In order to maintain pressure communication between the manifold and the pump, pressure transducers, pre-amplifiers and sprayers are also a part of the apparatus in a preferred embodiment. They serve to help the constant pressure pumps maintain a constant pressure in a dynamic environment through informing the pump of what the pressure is at the exit point of the nozzle. In another embodiment, a pressure transducer at the exit point can communicate that pressure to the pre-amplifier which in turn acts upon the pumps that will have an analog response to the pressure from the pre-amplifier and either raise or lower pressure depending on the desired exit pressure.

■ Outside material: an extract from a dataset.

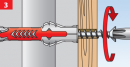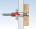 - красный компонент при вкручивании шурупа образует два дополнительных распорных лепестка, открывающиеся перпендикулярно основным.

A more complete understanding of the present invention may be obtained by reference to the accompanying drawings, when considered in conjunction with the subsequent, detailed description, in which: For purposes of clarity and brevity, like elements and components will bear the same designations and numbering throughout the Figures.

A second aspect of the invention is a cleaning system with one or more resonance inducers. In a preferred embodiment, resonance inducers should be placed in fluid distribution means, preferably close to the point of ejection from the means, such as in a downward sprayer of a fluid ejecting apparatus. An electromechanical pump at the beginning or end of a fluidic pathway that has a resonance inducer at the end of the pathway can pump at high pressure and instead of ejecting high velocity jets of fluid, less-high velocity, high energy vibration droplets of fluid are ejected. It will be appreciated by those skilled in the art that the pump need not be electromechanical, as virtually any energy source that imparts motive energy to a working fluid will do.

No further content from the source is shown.